Al menos el 50% de las instalaciones de agua, saneamiento e higiene que proporcionan servicios básicos, han resultado dañadas o destruidas en Gaza, mientras UNICEF advierte de que el impacto de esta situación en los niños es especialmente preocupante porque son más susceptibles a la diarrea, las enfermedades y la desnutrición.

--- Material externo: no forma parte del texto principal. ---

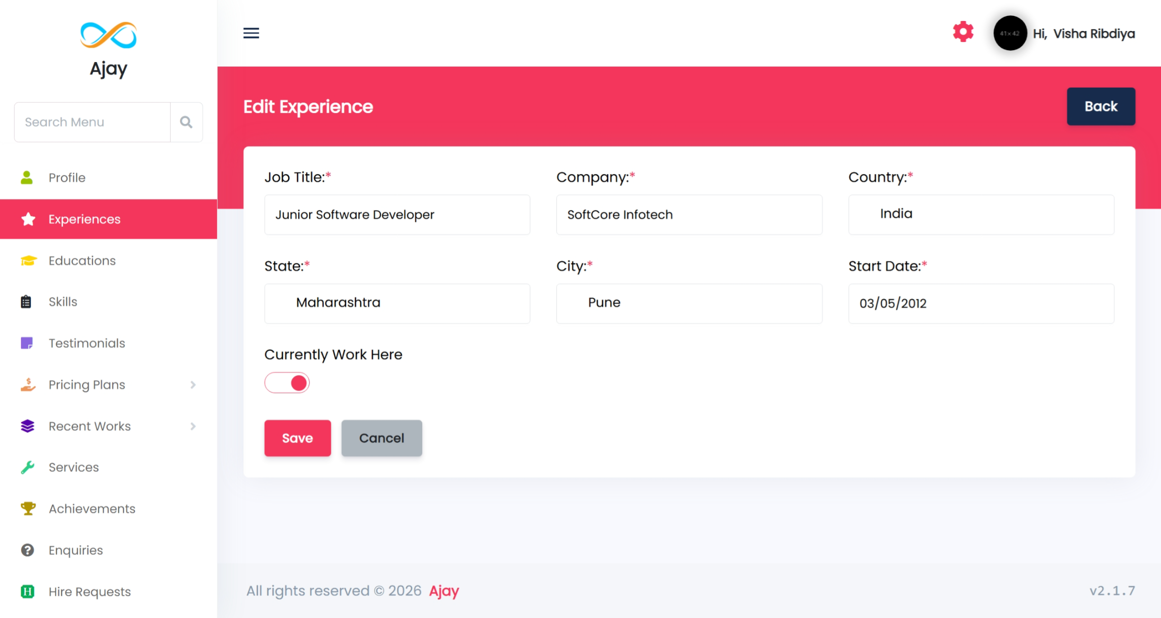 You can update the job title and your details from this page. Also, you can upload his profile image too in this section.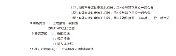 ZKM1係列塑料外殼式斷路器(qì) (以下簡稱斷路器),其額定絕緣(yuán)電壓為800V,適用於交流50Hz,額定工作電壓690V及以下(ZKM1-63為400V),額(é)定工作電流至800A的電路中作不頻繁轉換及電動機不頻(pín)繁起動(ZKM1-800 無電動(dòng)機保護型)之用。斷路器具有過載、短路和欠電壓保護功能,能保護線路和電源設備不受損壞。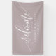 Welcome your guests with this elegant dusty lavender wedding welcome banner. Featuring beautiful calligraphy and a minimalist design, this banner adds a sophisticated touch to your wedding decor. The soft colour and modern script create a warm and inviting atmosphere, perfect for greeting guests as they arrive. Customise with your names and wedding date to make a unique and memorable addition to your special day. This durable banner is ideal for both indoor and outdoor use, ensuring your wedding entrance is stylish and welcoming.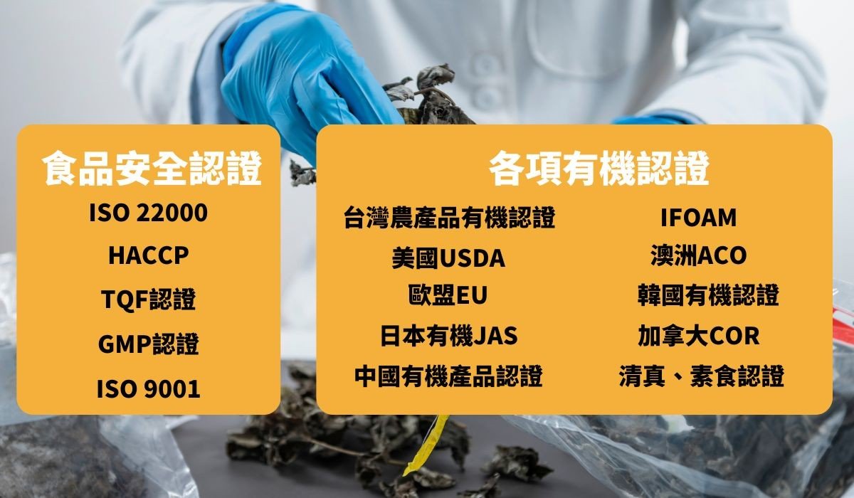取得相關的認證不僅能讓產品提高市場競爭力,還能增強消費者的信任感,在食品和中藥品領域中常見的國際標準,取得這些認證可展示品牌對食品安全的承諾,茶包也能藉此順利進入不同市場。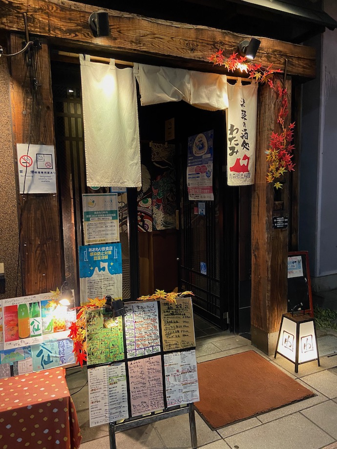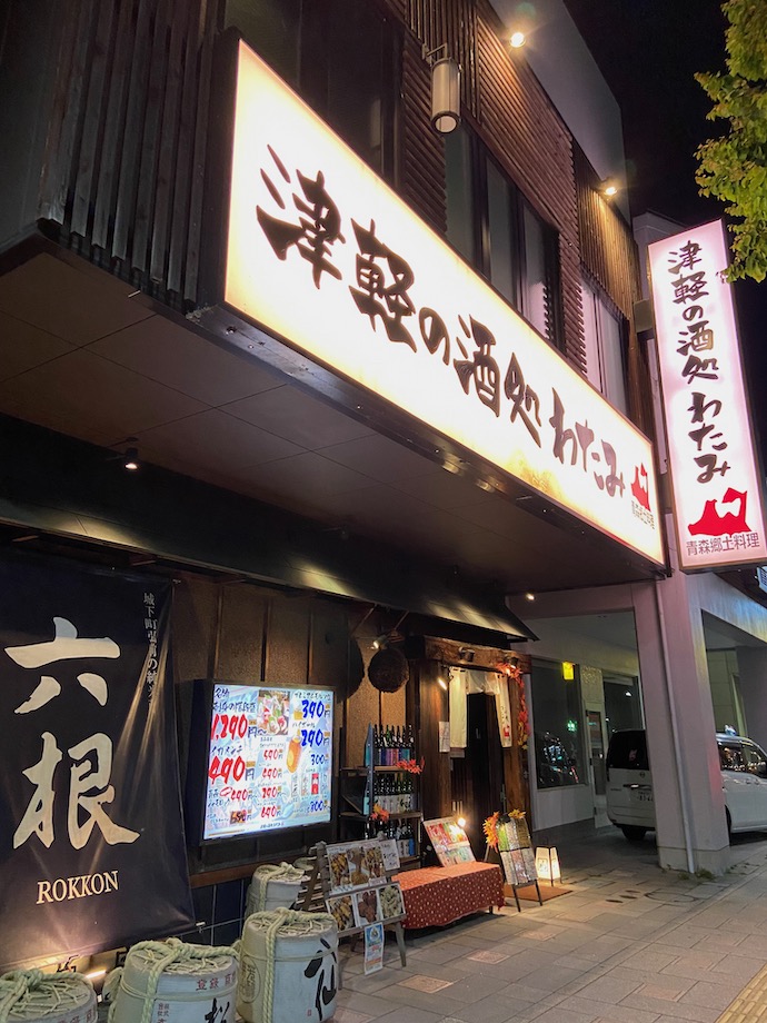 弘前で晩飯がてら居酒屋に行きたいのだが、とホテルの方におすすめの店を聞いた。そうしたら、全国チェーンだが地元料理を食べさせるので面白いと言われたのがこの店だった。看板だけ見ると、あのチェーン店なのかと言いたくなる。たまたま店名が同じだけではないのか?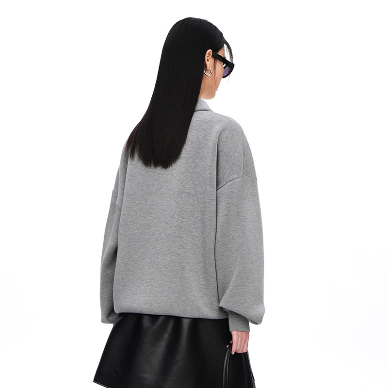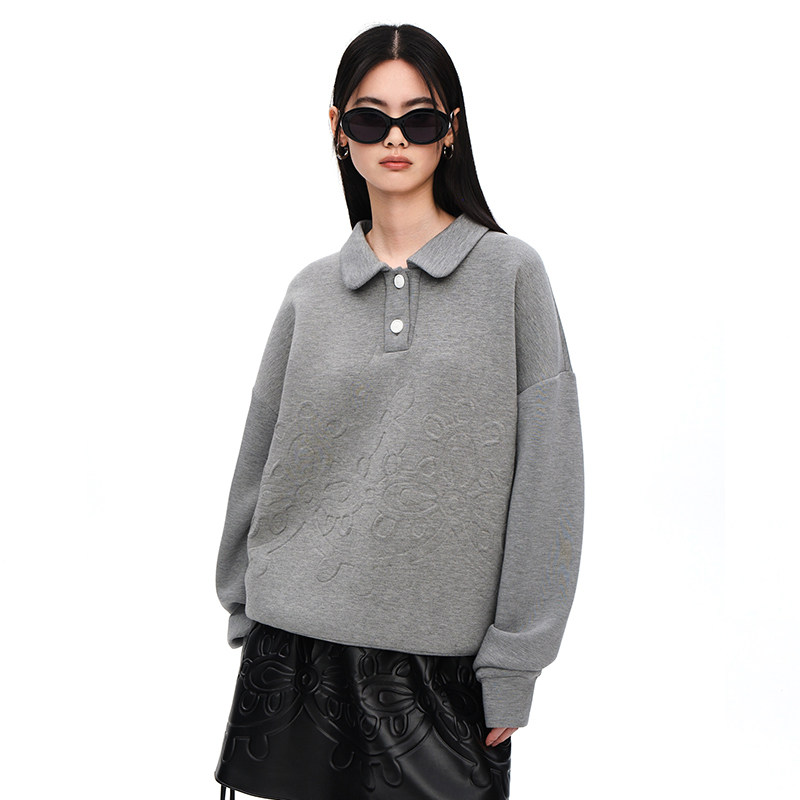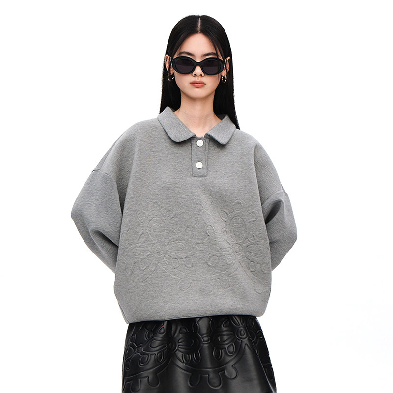 【设计师品牌XIAOLI筱李】格雷系立体压花Polo领套头卫衣空气层

«Las autoridades ya han registrado casi 20 veces el promedio mensual de casos de diarrea registrados entre los niños menores de cinco años, además del aumento de casos de sarna, piojos, varicela, erupciones cutáneas y más de 160.000 casos de infección respiratoria aguda«, añadió.

Esfuerzos de socorro

Desde el comienzo de la crisis, UNICEF y sus aliados han suministrado combustible para el funcionamiento de pozos, plantas desalinizadoras, transporte de agua en camiones cisterna y gestión de residuos y aguas residuales, además de agua embotellada y contenedores de agua para más de 1,3 millones de personas.

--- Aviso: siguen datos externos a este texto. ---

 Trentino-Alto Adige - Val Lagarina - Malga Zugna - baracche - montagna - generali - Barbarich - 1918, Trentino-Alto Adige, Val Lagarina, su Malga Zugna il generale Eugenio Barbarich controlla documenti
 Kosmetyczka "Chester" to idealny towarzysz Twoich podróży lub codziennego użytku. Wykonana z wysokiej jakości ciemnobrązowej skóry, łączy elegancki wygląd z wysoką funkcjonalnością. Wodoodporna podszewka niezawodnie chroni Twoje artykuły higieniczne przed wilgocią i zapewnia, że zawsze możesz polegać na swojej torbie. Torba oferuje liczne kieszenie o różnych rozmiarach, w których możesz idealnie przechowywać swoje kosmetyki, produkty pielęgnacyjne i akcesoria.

Además, han distribuido más de 45.000 bidones junto con al menos 130.000 kits de higiene familiar, que incluyen productos de salud e higiene menstrual y cientos de miles de barras de jabón.

La agencia subrayó la necesidad de generadores para hacer funcionar las instalaciones de agua y saneamiento, junto con tuberías de plástico para arreglar las cañerías rotas. Sin embargo, se sigue impidiendo su entrada en Gaza debido a las «restricciones de acceso».

«Los constantes bombardeos y las restricciones de materiales y combustible están impidiendo avances críticos», insistió Russell en un tuit.

Primer convoy desde Jordania

El primer convoy con ayuda procedente de Jordania ha conseguido entrar en Gaza con 750 toneladas de alimentos

El convoy de 46 camiones, organizado por el Programa Mundial de Alimentos y una ONG jordana, podría allanar el camino hacia un corredor más sostenible a través de Jordania y permitir la entrega de más ayuda a gran escala. 

«El establecimiento de un corredor a través de Jordania aumentará el flujo de ayuda y eliminará parte de la presión y congestión a las que nos enfrentamos actualmente. Esto nos permitirá asegurar más suministros y tener más camiones en la carretera», dijo el representante del PMA en Palestina, Samer Abdeljaber.

Piden una pausa en los combates

Los informes llegan en medio de un aumento de la presión internacional para que se produzca una nueva pausa en las hostilidades en la Franja de Gaza, con el fin de que se puedan transportar más suministros de ayuda para los más vulnerables.

La primera pausa duró del 24 de noviembre al 1 de diciembre.

El comisionado general de la UNRWA, Philippe Lazzarini, advirtió recientemente de que la gente desesperada «ha empezado a tomar directamente del camión los alimentos por total desesperación y comérselos ahí mismo», mientras que en las redes sociales se han visto grupos de personas deteniendo los convoyes de ayuda y retirando los suministros.

«Dondequiera que mires, está lleno de refugios improvisados. Vayas donde vayas, la gente está desesperada, hambrienta y aterrorizada«, declaró Lazzarini a los periodistas en Ginebra.

Citando a las autoridades sanitarias de Gaza, UNRWA dijo en su última actualización sobre la crisis que más de 19.450 palestinos han sido asesinados en las hostilidades según las autoridades sanitarias y «alrededor del 70% son mujeres y niños«.